(Input Opens)

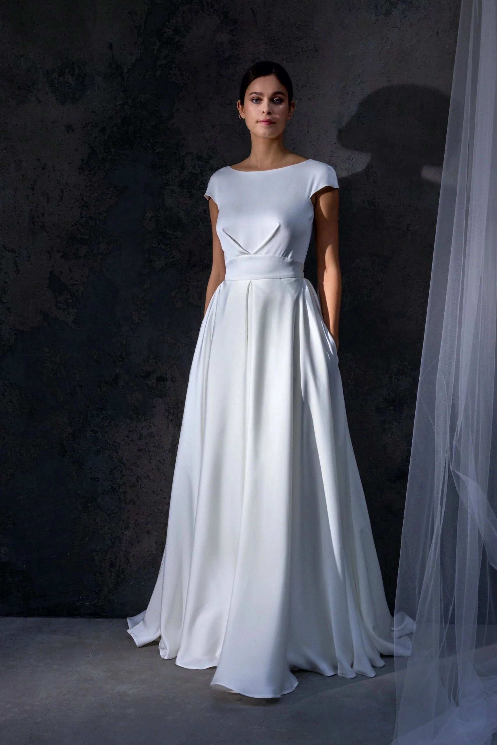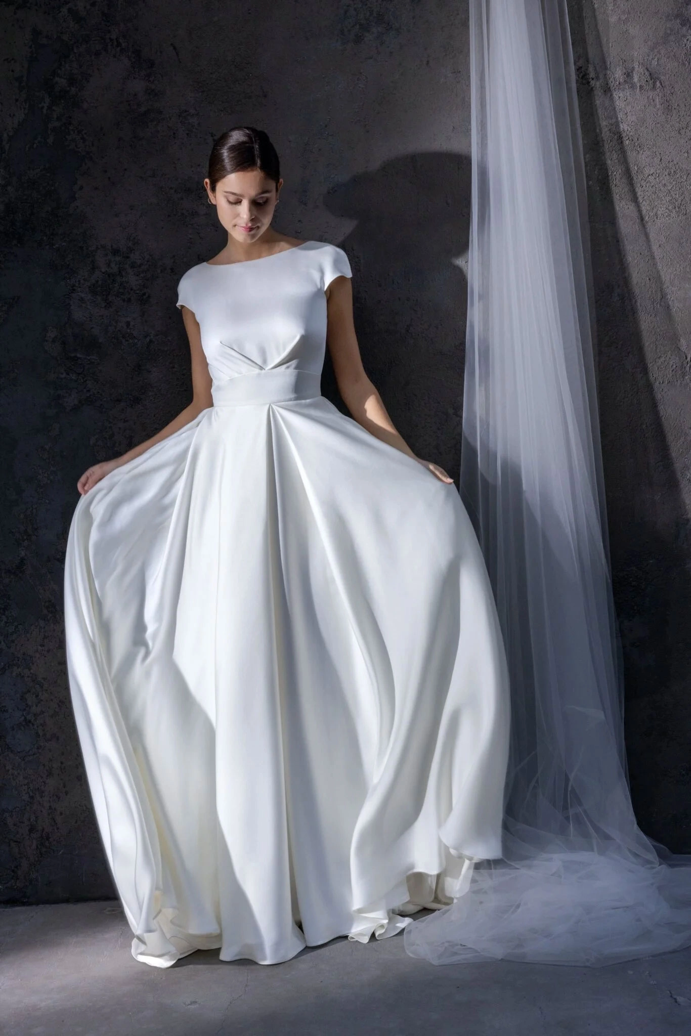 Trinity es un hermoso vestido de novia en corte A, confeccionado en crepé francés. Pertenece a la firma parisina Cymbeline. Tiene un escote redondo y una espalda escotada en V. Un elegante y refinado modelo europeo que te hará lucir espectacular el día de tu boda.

(Input Closes)
(Input Opens)

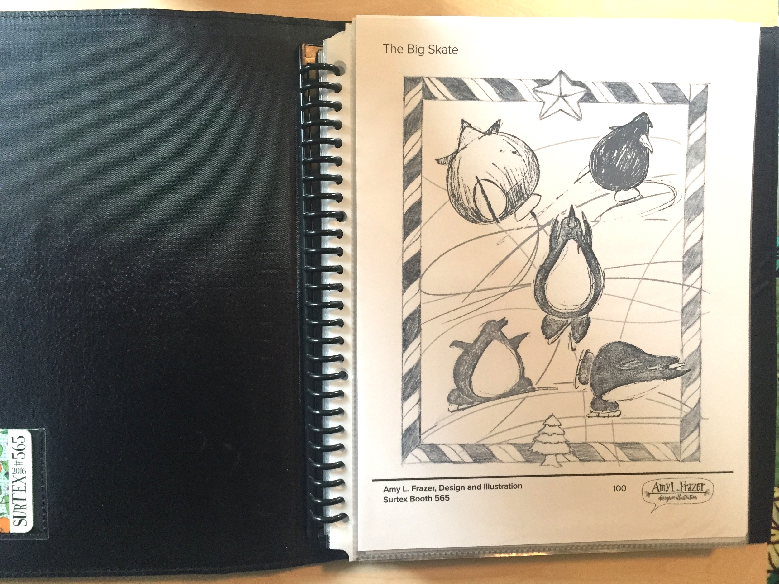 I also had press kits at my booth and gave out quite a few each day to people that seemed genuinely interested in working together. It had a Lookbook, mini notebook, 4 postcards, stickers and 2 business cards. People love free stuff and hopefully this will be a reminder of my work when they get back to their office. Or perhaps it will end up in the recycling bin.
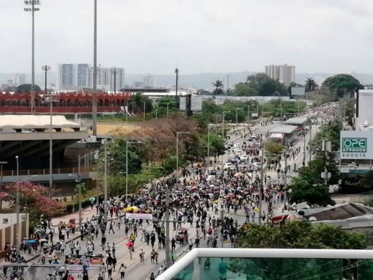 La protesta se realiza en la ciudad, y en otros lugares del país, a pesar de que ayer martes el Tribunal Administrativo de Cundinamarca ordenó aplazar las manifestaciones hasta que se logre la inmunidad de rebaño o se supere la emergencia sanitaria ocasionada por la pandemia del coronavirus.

(Input Closes)

### Brief
Repeat exactly the lines above, beginning at the one containing "I also had press" and ending at the one containing "La protesta se". Do not carry over any pictures.

### Output for this task
 I also had press kits at my booth and gave out quite a few each day to people that seemed genuinely interested in working together. It had a Lookbook, mini notebook, 4 postcards, stickers and 2 business cards. People love free stuff and hopefully this will be a reminder of my work when they get back to their office. Or perhaps it will end up in the recycling bin.
 La protesta se realiza en la ciudad, y en otros lugares del país, a pesar de que ayer martes el Tribunal Administrativo de Cundinamarca ordenó aplazar las manifestaciones hasta que se logre la inmunidad de rebaño o se supere la emergencia sanitaria ocasionada por la pandemia del coronavirus.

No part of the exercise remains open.